What happens if the specified encoding is different than the encoding of the console? Mojibake? If the output is used as in the input of another program, does the other program use the same encoding? In my experience, using an encoding different than the locale encoding for input/output (stdout, environment variables, command line arguments, etc.) causes various issues. So I'm curious of your use cases.

In converting them to Python3, I found the best (if not very pleasant) way to do this in Python3 was to put something like this near the top of each tool[*1]:

import codecs sys.stdout = codecs.getwriter(opts.encoding)(sys.stdout.buffer) In Python 3, you should use io.TextIOWrapper instead of codecs.StreamWriter.

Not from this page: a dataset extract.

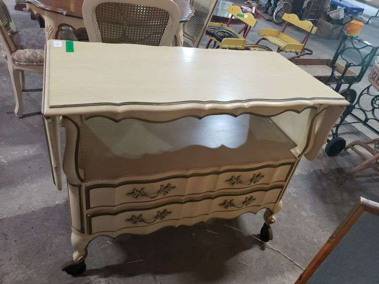 LOT 69 - Wooden Drop Leaf Serving Cart w/storage
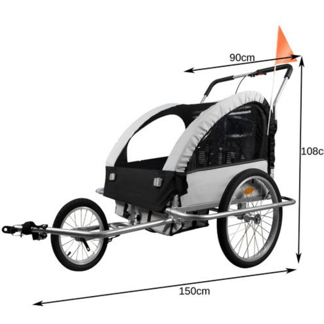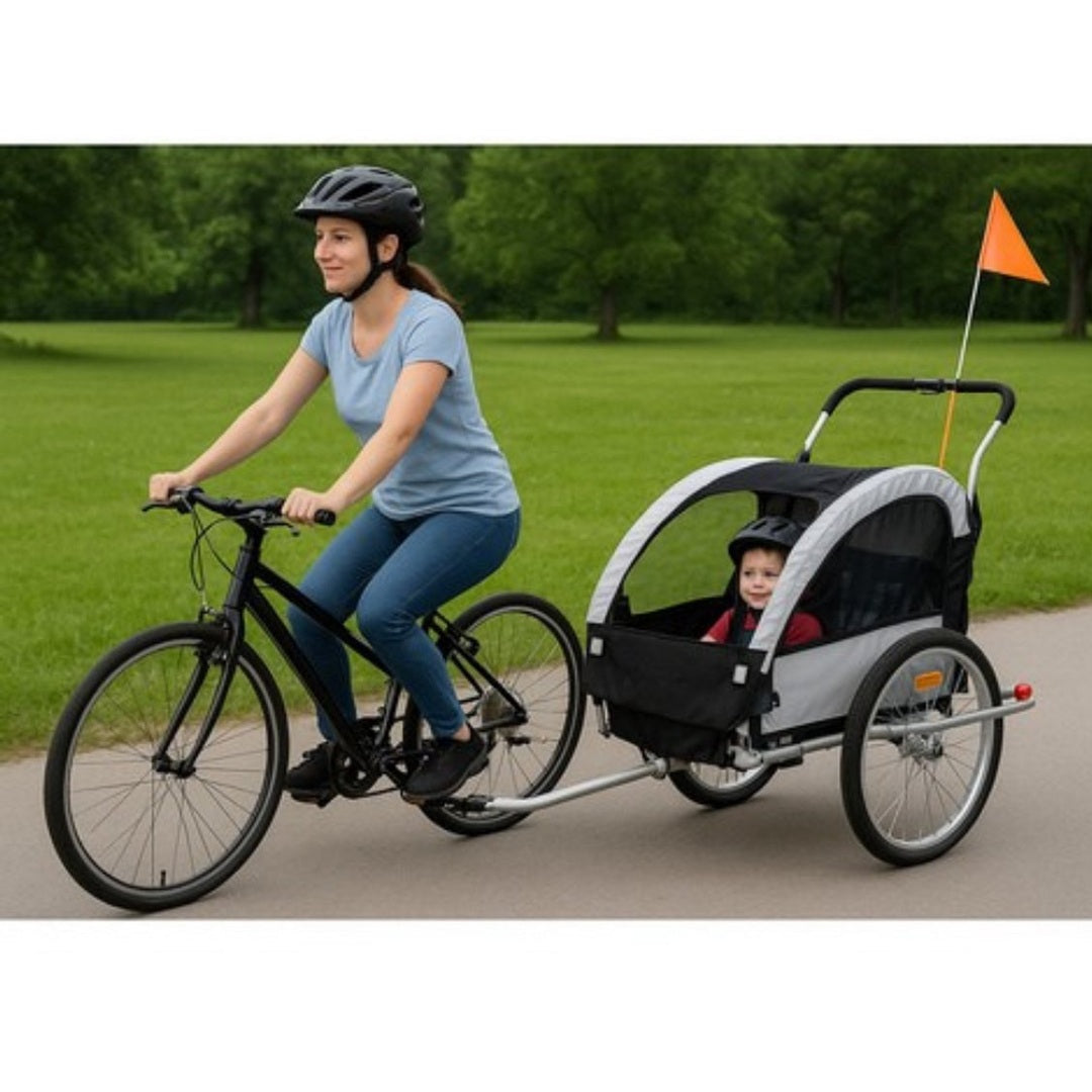3-in-1 – voor fietsen, hardlopen en wandelen – de 3-in-1 fietskar voor 2 personen fungeert als transportwagen, hardloopkinderwagen en fietskar, wat het een universele oplossing maakt voor gezinnen die een actieve levensstijl leiden.

It's more efficient and has less bugs. What I want to be able to put there instead is: sys.stdout.setencoding (opts.encoding) I don't think that your use case merit a new method on io.TextIOWrapper: replacing sys.stdout does work and should be used instead. TextIOWrapper is generic and your use case if specific to sys.std* streams. It would be surprising to change the encoding of an arbitrary file after it is opened. At least, I don't see the use case. [snip] And if you do want multiple encodings in a file, it's clearer to open the file as binary and then explicitly encode to bytes and write that to the file.

But is it really?

The following is very simple and the level of python expertise required is minimal. It (would) works fine with redirection. One could substitute any other ordinary open (for write) text file for sys.stdout.

[off the top of my head] text = 'This is %s text: 世界へ、こんにちは!' sys.stdout.set_encoding ('sjis') print (text % 'sjis') sys.stdout.set_encoding ('euc-jp') print (text % 'euc-jp') sys.stdout.set_encoding ('iso2022-jp') print (text % 'iso2022-jp')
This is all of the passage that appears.